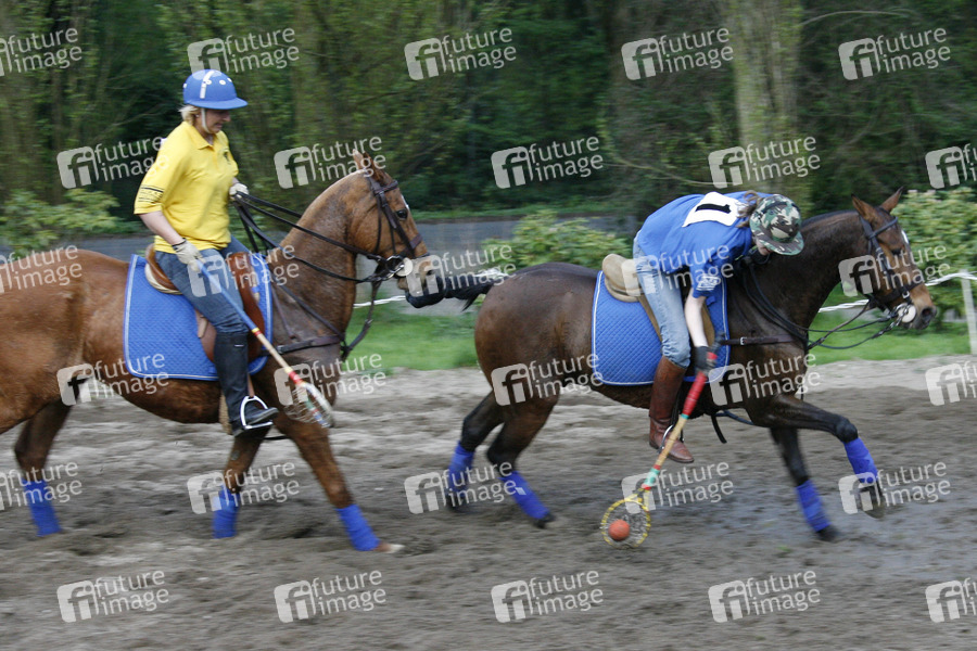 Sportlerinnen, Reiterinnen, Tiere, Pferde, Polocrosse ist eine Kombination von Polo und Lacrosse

* * *

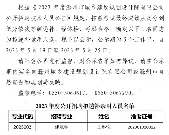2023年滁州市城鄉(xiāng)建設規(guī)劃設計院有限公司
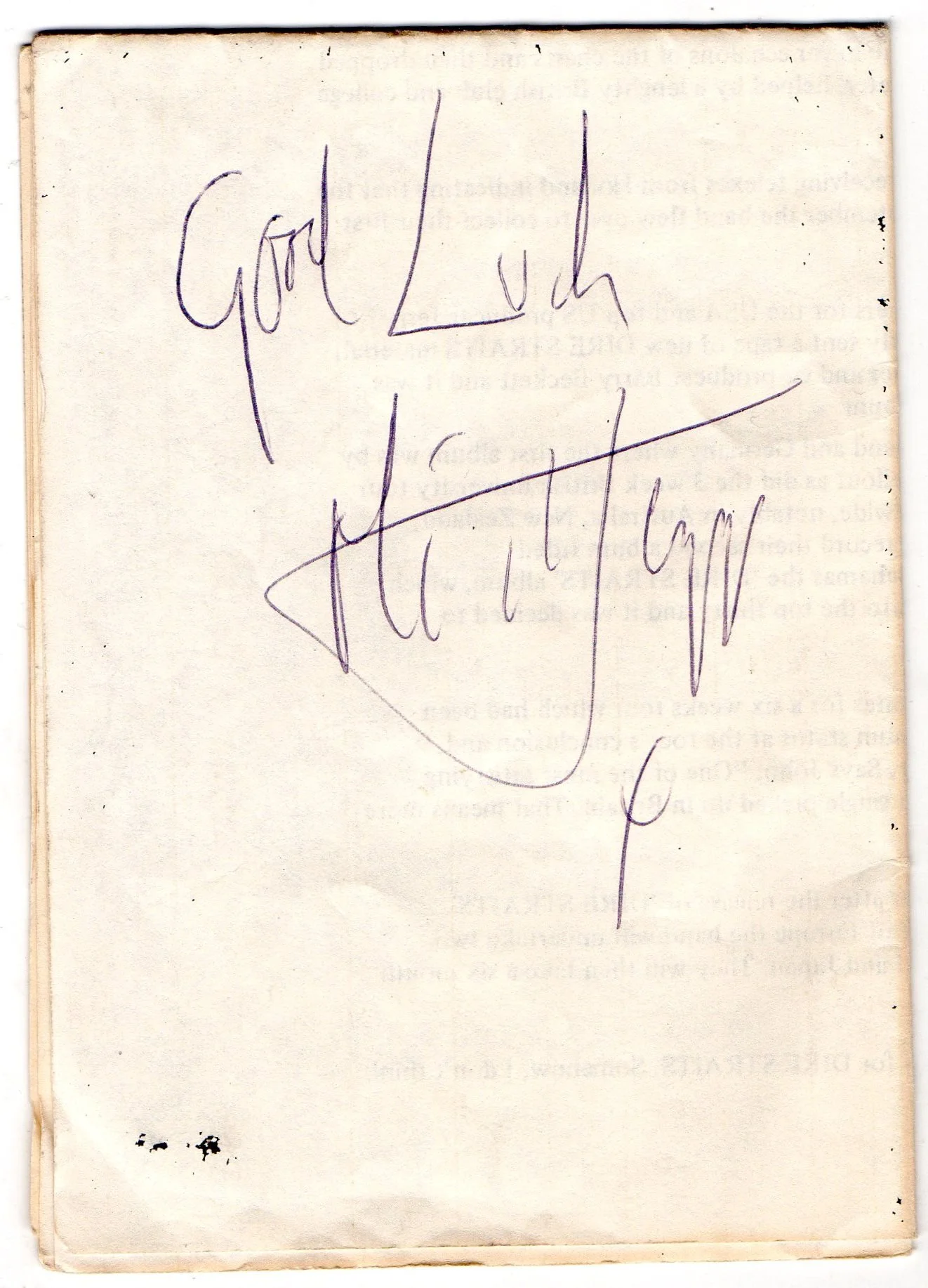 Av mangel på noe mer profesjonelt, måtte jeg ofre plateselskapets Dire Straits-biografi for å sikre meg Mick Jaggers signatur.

## Your instructions
In the listing above, find the line containing "2023年滁州市城鄉(xiāng)建設規(guī)劃設計院有限公司" and the line containing "Av mangel på". Print those two lines and every line between them exactly, with no pictures.

## Solved exercise
2023年滁州市城鄉(xiāng)建設規(guī)劃設計院有限公司
 Av mangel på noe mer profesjonelt, måtte jeg ofre plateselskapets Dire Straits-biografi for å sikre meg Mick Jaggers signatur.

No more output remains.